Фельдмаршал в бубенцах - страница 57



– Не смейте клеветать на того, кто уже не в силах себя защитить! – отчеканил Руджеро. – Вы одержимы своей ненавистью к церкви, это лишает вас здравого смысла и остатков порядочности.

– Не стану спорить, – оборвал Орсо, – отчасти вы правы. Но сейчас вы зря мечете в меня молнии. Все сказанное мной – именно здравый смысл. Если вы помните, не так уж давно был ранен мой подчиненный и убит осведомитель. Еще тогда я сказал вам: за Енота отомстят. Так вот, рыцарь справедливости. На спине утопленника ножом вырезана морда енота. Прямо же под ней – слово… м-м-м… ставящее под сомнение репутацию матери покойного. Мне не нужно других доказательств его вины. Это святейшая инквизиция и Верховный суд склонны к заблуждениям. Суд же уличного трибунала непогрешим, ибо там умеют искать, не жалеют на это времени и жаждут подлинной мести, а не успешно оконченного заседания.

– Брат Ачиль хворал тогда тифом!

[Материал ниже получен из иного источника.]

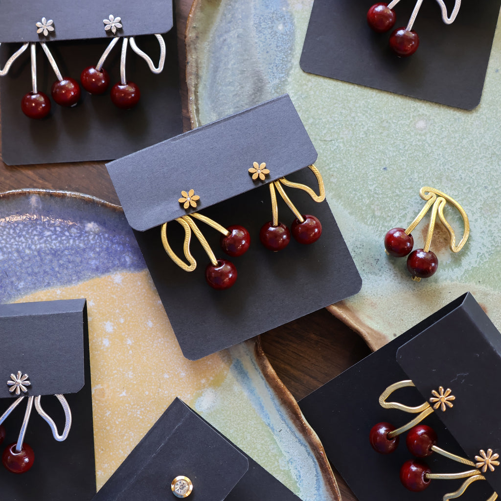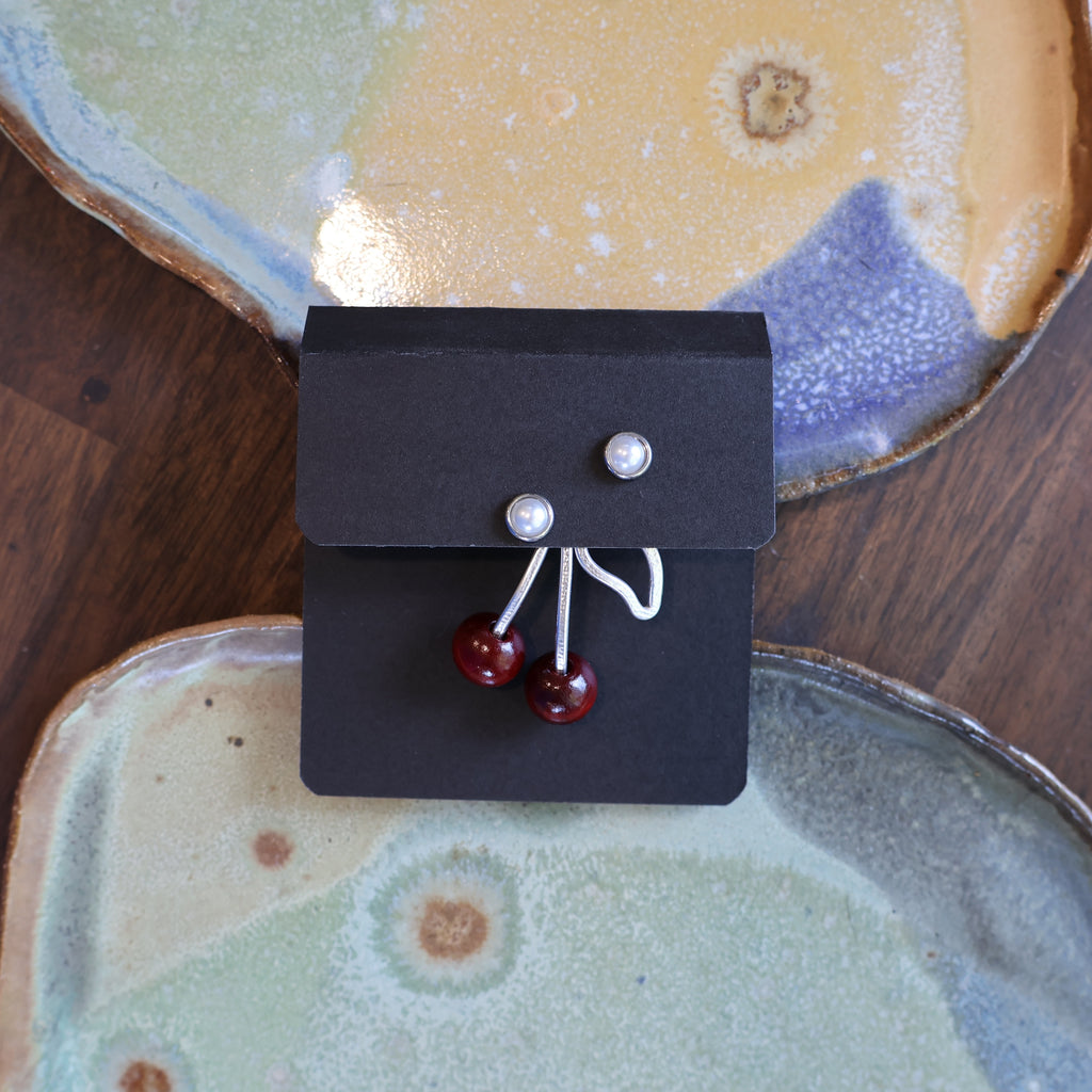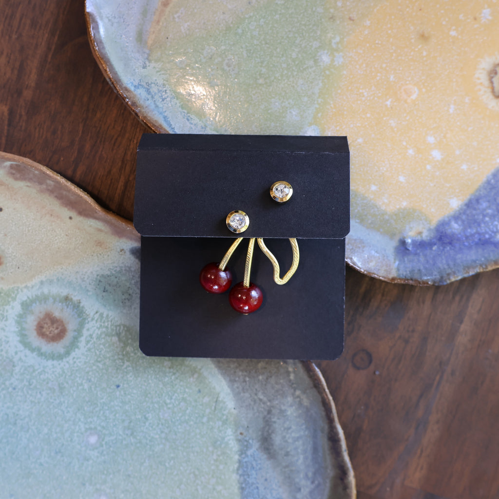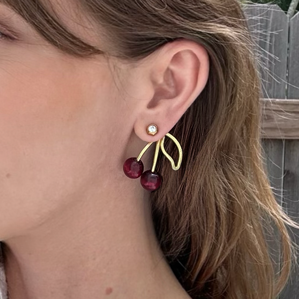 Adorable cherry earring jackets that hang behind your ear and work with ANY stud earrings you own!

Он боролся за свою жизнь, а не отнимал чужие! Господи, да вы сумасшедший! – Монах сорвался на крик, а Орсо, тоже теряя самообладание, встал из кресла и навис над ним:

– Да неужели! А может быть, страдалец просто отращивал бороду, чтоб сойти за уличного пропойцу? Я скажу вам больше, Руджеро. Мак-Рорк узнал вашего вурдалака в его маскараде. Он приходил ко мне с докладом. Более того, и в смерти Никколо Марцино он обвинял именно его. Я заткнул мальчишке рот, чтоб он не навлек на себя еще больших бед своей болтовней, но это не означает, что я ему не верю!

Полковник перевел дыхание, на лбу выступил пот. Руджеро же стиснул подлокотники кресла, жалобно затрещал сафьян.

– Вы злоупотребляете выпивкой, Орсо, – прошипел он, пытаясь подняться на ноги, – я уже подмечал это на днях. Только, похоже, я недооценил серьезность дела.

Однако кондотьер лишь оскалился, снова понижая голос почти до шепота:

– Не стану с вами спорить, святой отец. Я давно убедился в неблагодарности этого занятия. Однако предупреждаю вас, Руджеро… – Кондотьер отступил, позволяя доминиканцу встать. – Я без особых затруднений сносил ваши интриги и нападки, покуда они касались лично меня. Но вы перешли черту, натравив своего ручного упыря на моих людей.

Доминиканец вдруг вскинул голову:

– Так это вы? Это вы, Орсо, руководствуясь одними только словами раненого мальчика, навели уличную шваль на брата Ачиля?

Полковник скрестил руки на груди.

– Почему же «навел»?.. – протянул он с издевкой. – Я лишь подсказал одному дельному человеку направление поисков. Все прочее – не моя забота.

Руджеро несколько секунд молчал, а потом медленно осел обратно в кресло.

– Вы страшный человек, Орсо, – негромко проговорил он.

– О, – вскинул брови кондотьер, – неужто печной горшок дразнит кочергу чумазой?

Монах молча сидел в кресле, и гнев в его глазах сменился мрачной задумчивостью.

– Что вы пережили, Орсо? – вдруг спросил он. – Откуда в вас столько ожесточения? Это не ваша извечная солдафонщина, тут что-то другое. Что вы за человек? Мне сейчас отчего-то кажется, что за все эти годы я так и не узнал вас.

Полковник чуть склонил голову набок, будто услышал что-то совершенно поразительное. А потом произнес с нотой неподдельного восхищения:

– Святой отец… Право, вы великолепны. Как вам удается так мастерски играть? Я ведь точно знаю, что вы лукавите. Но против воли верю вам. Верю, что вы и правда пытаетесь сейчас быть выше своего гнева. И даже видите во мне душевные язвы, делающие меня скорее безумцем, нежели жестокой и несправедливой тварью. Я никогда так не умел, Руджеро. Но я не могу не оценить вас. Только… как же вы живете с этим, господи помилуй?! Как можно питаться одной ложью? Неужели вы совсем… совершенно ничего не знаете о муках совести?